You could create your own schedule for spaced repetition and design flashcards by hand. With the app, however,
you’re making your life much simpler.

Learn a new language by immersion or language exchange communities

Do you know why you’re easily learning new words when you’re on a vacation? Immersion is the answer. You’re
surrounded by that language. When you go back to your usual environment, the process of forgetting takes place.
You won’t allow that to happen if you recreate the immersive environment. How? Just connect with native
speakers of the language you want to learn.

Are there any native speakers in your area? If you can find them, start making friends. You can also attend a
meetup with people from that country, which is organized in your area.

Finally, start connecting with native speakers through the Bilingua language exchange app. You can easily find relevant people interested in the language and culture that you want to learn. Start talking to them, so you will constantly practice the language.

Remind yourself: learning a language is important!

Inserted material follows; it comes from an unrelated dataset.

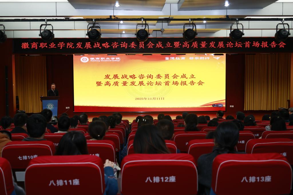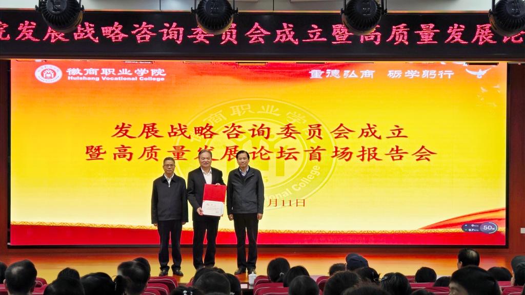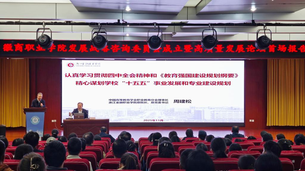 11月11日下午,学校在紫蓬校区举行高质量发展论坛报告会。本次报告会既是党的二十届四中全会精神专题宣讲,也是建校60周年校庆系列活动之一。会议特邀中国高等教育学会职业教育分会理事长、浙江金融职业学院原院长、原党委书记周建松作专题报告,并聘其为学校发展战略咨询委员会第一届主任委员。校领导班子成员出席,全体教职工参会,报告会由校党委书记陈春来主持。

What does this have to do with memory? When you’re aware of the fact that something is important, you’re
commanding your brain to remember it. The more you’re focused on learning, the longer the information will stay
with you. You’ll be more focused when you understand why you’re doing this.

Donna Wilson, an expert in the domain of brain-based teaching, wrote this in a post for Edutopia: “Life is full of
irrelevant information and distractions. When researching a topic online, for example, it’s easy to get sidetracked
by entries that are interesting but not relevant to the task at hand. A key aspect of improving working memory is
developing your ability to attend to what’s important now.”

Watching movies is a fun way to learn a new language

The key to success is practice. That’s a golden rule that may sound like a cliché, but it’s true. When you’re not able to find native speakers in your area and you’re not that good at Skyping, how do you recreate the immersion? How do you practice?

ESL teacher, Ted Kliff has the answer: “I encourage my students to improve their memory by watching movies and TV series. I teach English, so I have plenty of choices. My recommendations depend on the students’ age, but I usually go for animated movies or series with clear speech that’s not based on slang. ‘Friends’ is a nice example.”

Make a list of movies and TV shows in the language you’re learning. Start watching them. When you’re listening to that language, it’s unlikely that you’ll forget about it. If you want to take this method up a notch, start repeating
what the actors say. Get your dictionary and check the words you don’t understand. Write them down. This will
definitely help you remember more of the language.

Don’t forget: learning a foreign language is fun!

Learning a new language is an enjoyable experience. You hear strange words and you get amused with your own silly pronunciations. With time and practice, however, you’ll get better. Time can have a devastating effect on your memory, so fight the decay with more practice! You’ll be able to do that if you follow the tips above.